Moy says that anyone running a business that requires the signing of contracts on a daily or weekly basis should have an attorney look at these documents.
“An event planner should invest in a good client service contract and use that from event to event, and then they only need their attorney to review sections or clauses that are added by the client, if any,” Moy says.
One of the common problems Howe sees with contracts is that the parties involved in the contract may agree what a “word” is in the contract but they don’t necessarily agree to what the word means.
“For example, let’s say a planner asks a hotel if they have a freight elevator and the hotel says, ‘Yes, we have a freight elevator.’ Well, it doesn’t come around until the time of the event that the freight elevator is needed to get 3,000 pounds of equipment to the ballroom on the second floor,” Howe says. “The problem is, what they thought was a freight elevator is actually a ‘service elevator,’ which is simply a passenger elevator with padding.” So what the initial question should have been, and what should have been in the contract, is ‘Do you have an elevator that can handle 3,000 pounds of equipment?’ Planners need to ask the right questions, in the right ways. Be specific and don’t talk in generalities.”

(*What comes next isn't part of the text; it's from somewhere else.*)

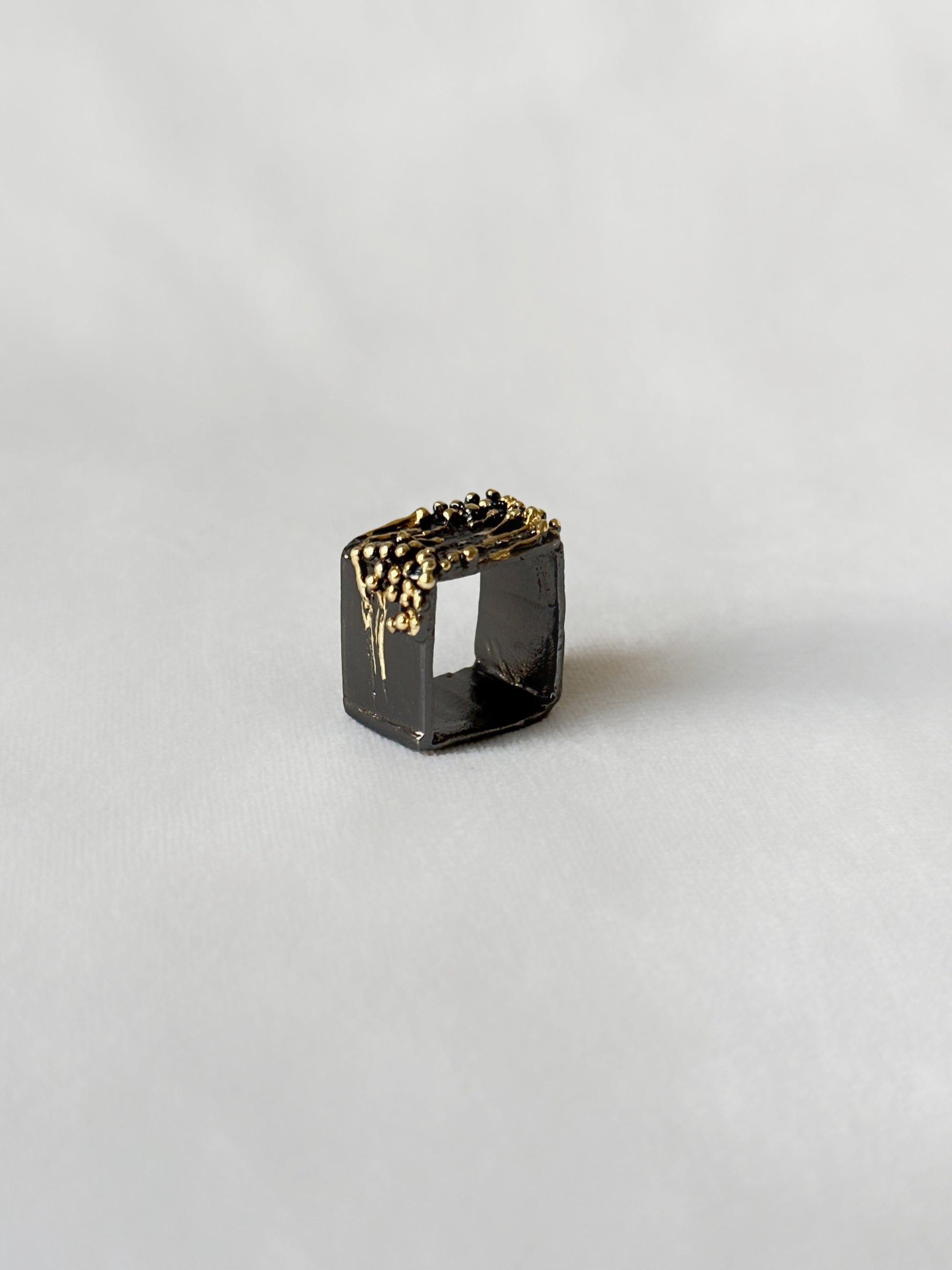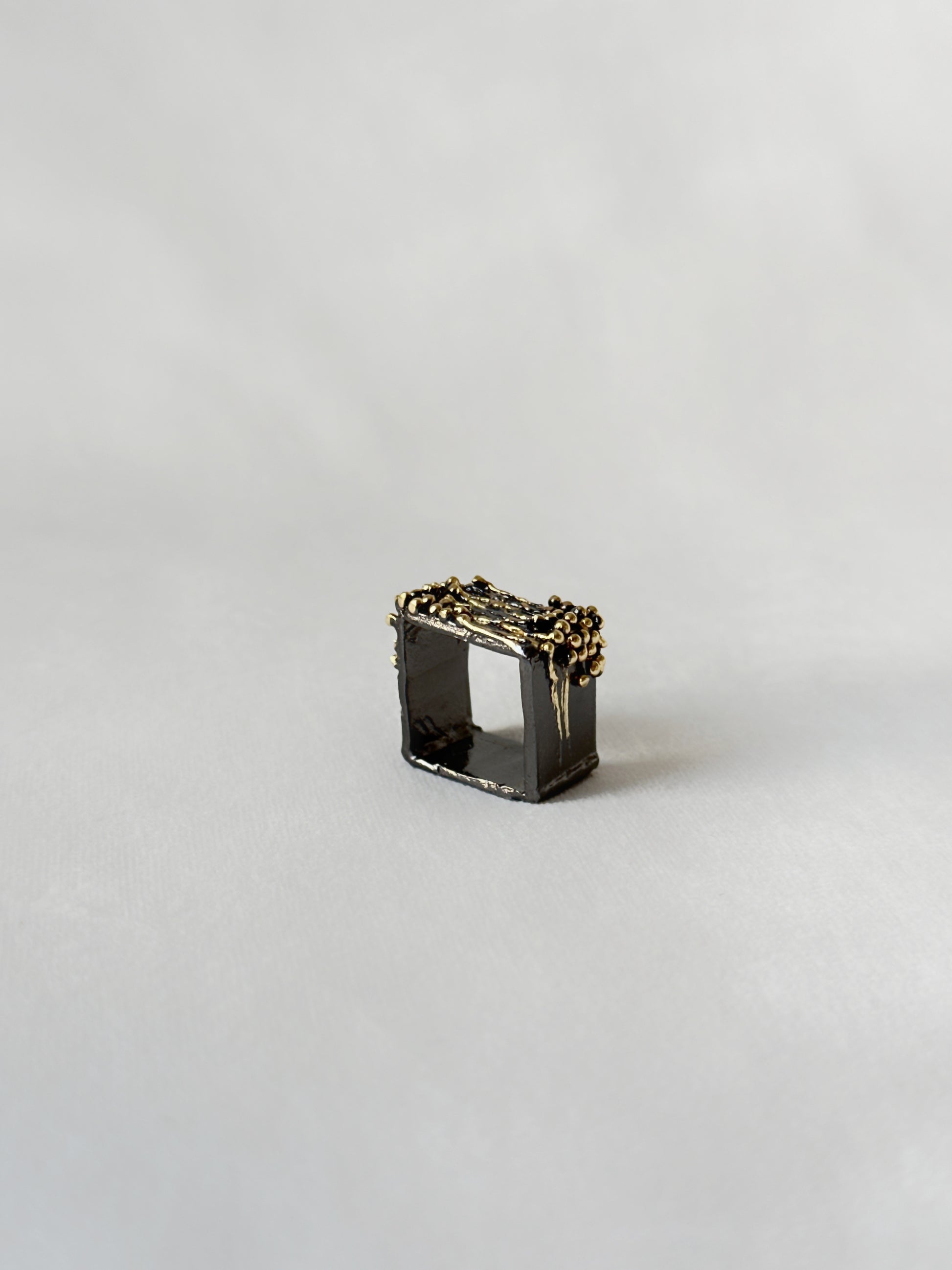 With Manthan, I explore treasures from the sea through material explorations in copper. The square ring is an imagined excerpt from the underwater world, rendered in black and gold.

Huggins stresses that contracts should never be more complicated than what is reasonable for the meeting or event planner to understand. “They are not an ego position, or should not be,” Huggins says. “If it is not clear to you, ask for plain language contracting and examples that are relevant to your circumstances. Be sure to have them included in the contract.”
Also cross out what you do not agree with and ask for alternative language that is more mutually agreeable. Always ask what is relevant on the contract specifically with your event in mind. Or partner with an experienced organization that works in the landscape regularly, with the experience to negotiate, share and help.

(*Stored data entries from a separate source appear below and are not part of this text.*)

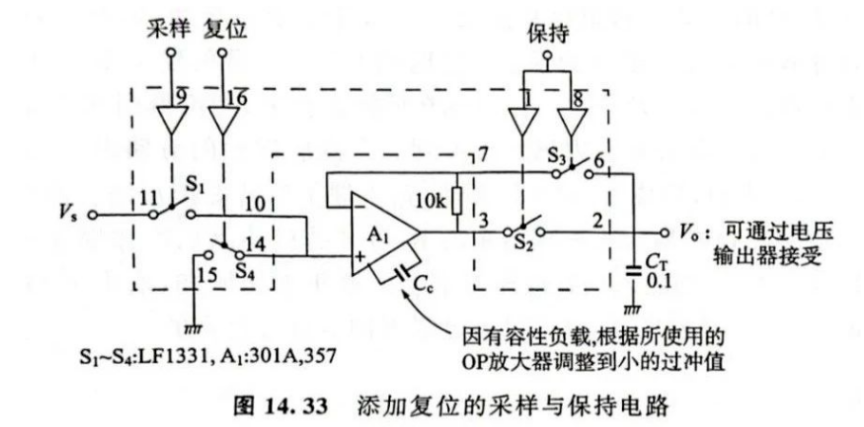 下图是把采样与保持以及复位电路通过OP放大器与IC模拟开关进行总结的一个示例。预先将S2与S3设为导通,如果S4断开,S1为导通,就取样。若将S2和S3设为断开,CT就保持之前采样的电压(此时要考虑模拟开关的漏电流)。将S2与S3设为导通,如果S4导通,就复位(运放输出跟随同相输入端输出0,给电容保持放电,复位电容)。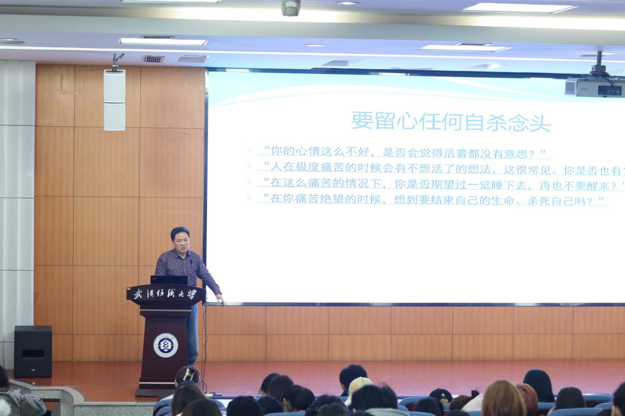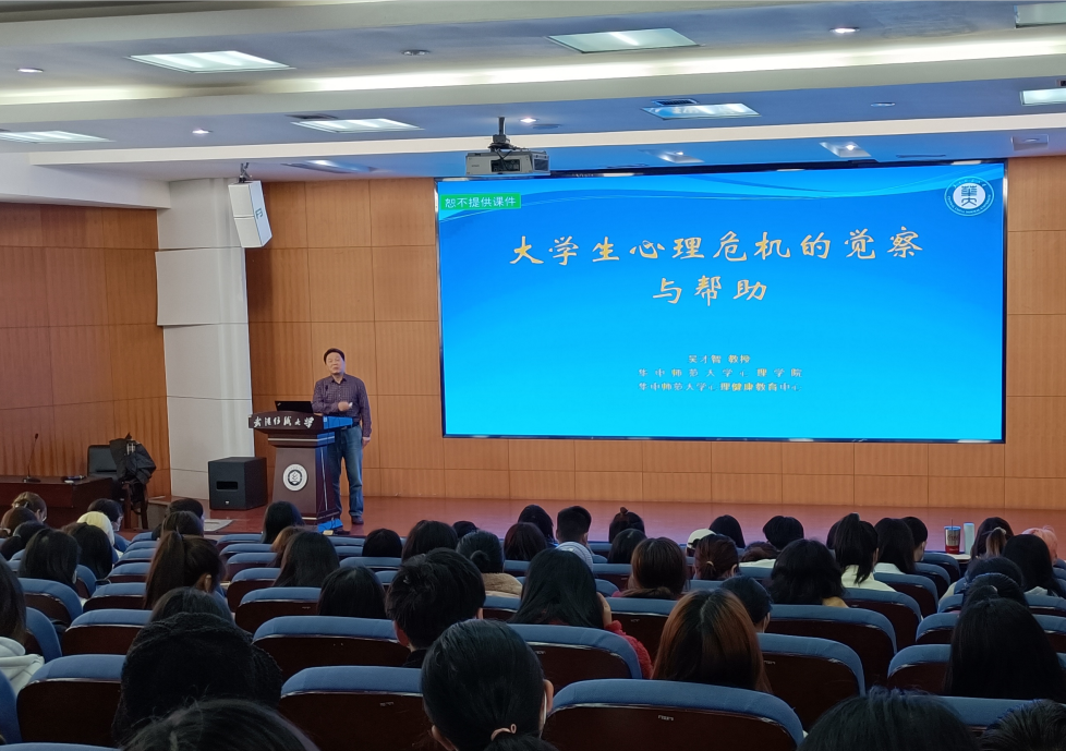 2021年3月12号上午,由校团委主办,英国上市公司官网365承办的第223期阳光人文讲坛在南湖校区主楼T201举办。此次讲座特邀请华中师范大学心理公司教授、华中师范大学心理健康教育中心常务副主任,湖北省青少年心理健康教育中心副主任吴才智为同学们带来了一场主题为“老员工心理危机的觉察与帮助”的专题报告。南湖校区辅导员,各班心理委员、寝室长等三百多人参加了讲座。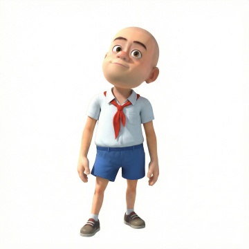 软3D风格卡通男孩,大眼萌趣,塑料质感肌理,动漫风设计,办公场景中佩戴耳机,可爱感十足。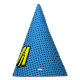 Blue and black polka dot party hat features BAM text. Easy to assemble. This dot pattern coordinates with Superhero Party Collection in our shop as well as most Superhero themed birthday parties. Also available in our shop without the BAM graphic.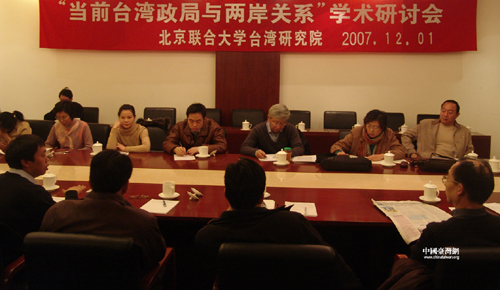 中国台湾网12月1日北京消息 由北京联合大学台湾研究院举办的“当前台湾政局与两岸关系”学术研讨会,12月1日在京举行。来自学术界的台湾问题知名专家及北京联大台研院的学者们一致认为,和平与发展仍是当前两岸关系发展的主题;陈水扁当局在岛内推行的“入联公投”是赤裸裸的“台独”分裂行径。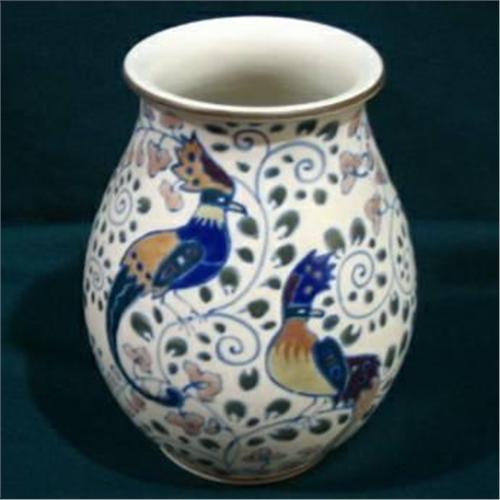 Pottery Vase made by Kenilworth Studios in 1910, 7",decorated with peacocks, the name of the pattern is Nippon.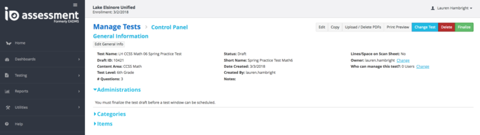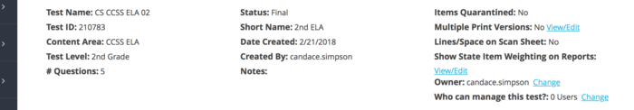 The name of my test is NM CCSS Math 06 Ratios and the Test ID is 210813.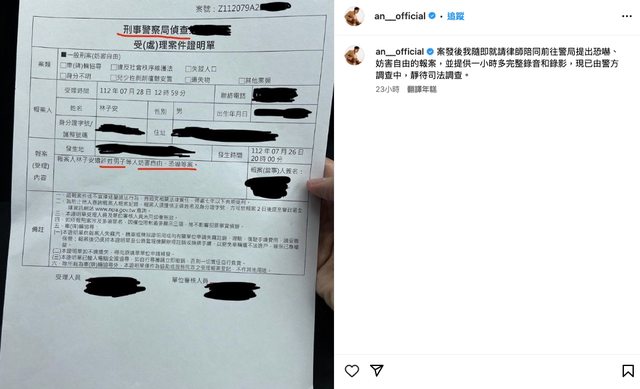 原以為過了一個月事情應該落幕,8月29日林子安又在IG發文,秀出報案證明,「案發後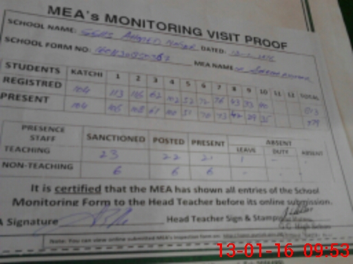 | Certified that this School was Inspected by the Undersigned MEA/DMO Today and the Information Stated Above is as Per Record. | |||||

“Remember hotels and venues want your business,” Huggins says. “With that in mind, they consistently play a chess game on space and/or guest room availability. Ask what challenges they experience regularly. Be open and listen.”
In the meeting and event industry common challenges often develop after signing a contract. To avoid these issues, before contracting, walk through your event from start to finish.

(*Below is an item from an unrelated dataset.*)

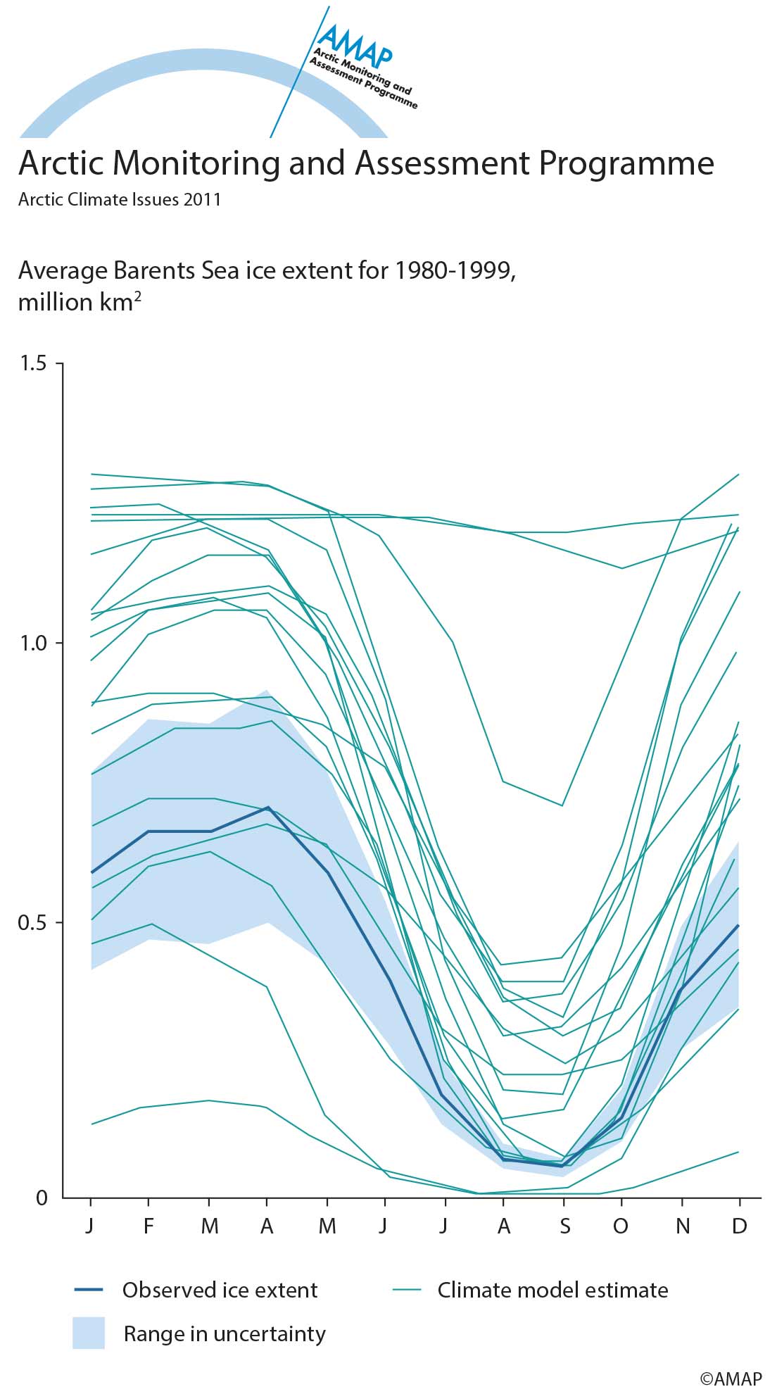 Climate scientists deal with uncertainty by presenting a range of possible futures. The greater the range of possibilities, the more uncertain the result. As an example the Barents Sea ice extent 1980-1999 over the year shows great variation from year to year, and the range of uncertainity (which varies over the year) is presented in this figure, together with current model estimates, from multiple climate model outputs.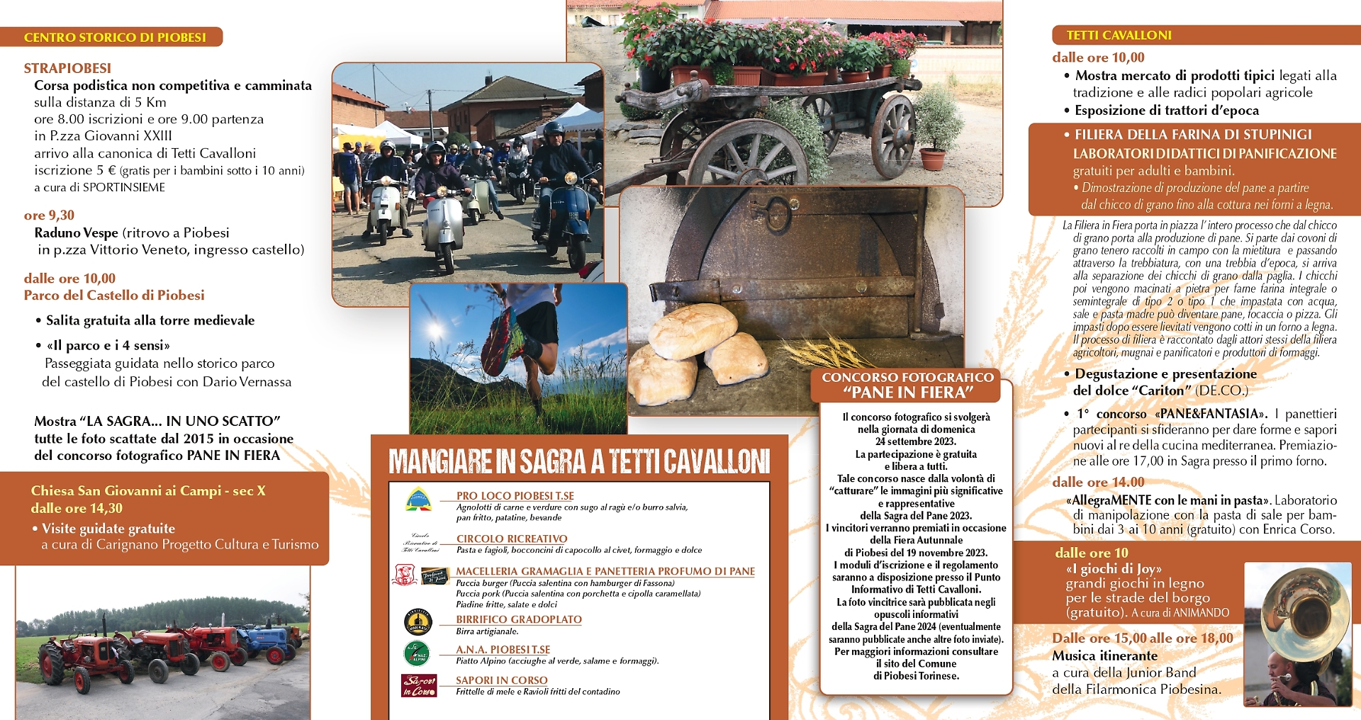 Domenica 24 settembre il cuore della manifestazione sarà ancora una volta la frazione Tetti Cavalloni, dove a partire dalle 10 saranno allestite la mostra mercato dei prodotti tipici legati alla tradizione e alle radici popolari agricole e un’esposizione di trattori d’epoca. La Filiera della Farina di Stupinigi proporrà gratuitamente i laboratori didattici di panificazione per adulti e bambini. Sarà possibile assistere alla dimostrazione della produzione del pane a partire dal chicco di grano e fino alla cottura nello storico forno a legna dei Tetti Cavalloni. La Filiera in Fiera porta in piazza l’intero processo che dal chicco di grano porta alla pagnotta. Si parte dai covoni di grano tenero raccolti in campo con la mietitura e, passando attraverso la trebbiatura con una trebbia d’epoca, si arriva alla separazione dei chicchi di grano dalla paglia. I chicchi poi vengono macinati a pietra per farne farina integrale o semintegrale di tipo 2 o tipo 1 che, impastata con acqua, sale e pasta madre può diventare pane, focaccia o pizza. Gli impasti dopo essere lievitati vengono cotti in un forno a legna. Il processo è raccontato dagli attori della filiera: agricoltori, mugnai, panificatori e produttori di formaggi. Immancabili la presentazione e la degustazione del dolce “Caritôn”, che si fregia della Denominazione Comunale. Nella prima edizione del concorso “Pane & Fantasia” i panettieri si sfideranno per dare forme e sapori nuovi al re della cucina mediterranea. La premiazione è in programma alle 17. “AllegraMENTE con le mani in pasta” è invece lo slogan di un laboratorio di manipolazione con la pasta di sale per bambini dai 3 ai 10 anni, tenuto gratuitamente da Enrica Corso a partire dalle 14. “I giochi di Joy” in legno saranno a disposizione nelle strade della frazione a partire dalle 10, mentre dalle 15 alle ore 18 la musica itinerante sarà a cura della Junior Band della Filarmonica Piobesina. La partecipazione al concorso fotografico “Pane in Fiera” è gratuita e libera. I vincitori verranno premiati in occasione della Fiera Autunnale di Piobesi del 19 novembre. I moduli d’iscrizione e il regolamento saranno a disposizione al punto Informativo di Tetti Cavalloni. La foto vincitrice sarà pubblicata negli opuscoli informativi della Sagra del Pane 2024.

Not addressing clauses around program execution, moving around other groups, and internal staffing levels are common. That’s why Huggins says it’s important to define parameters around maintenance inconveniences and construction and define its impact even if “minimized” during contract negotiations.
“And define ‘walk’ clauses including where rehoused attendees will stay, and what concessions the hotel will provide,” Huggins says.
Remember that cancellation policies should match the attrition policy. If a group is allowed 15% attrition with no penalties, then the cancellation policy should be based on 85% of the anticipated revenue, not 100%.
Also, you can save thousands of dollars in potential attrition fees by dropping rooms before the deadline. That said, remember that if you release too many rooms, but later find that you need rooms again, you may not get them back — or they will be at much higher rate. So consider holding onto some “dummy rooms” for meeting or event attendees who register later.
“Don’t just read the contract. Set a time aside to walk through clauses and be open about what you don’t understand,” Huggins says. “Ask for plain truth examples. And put examples in the contract that are particularly relevant to you.”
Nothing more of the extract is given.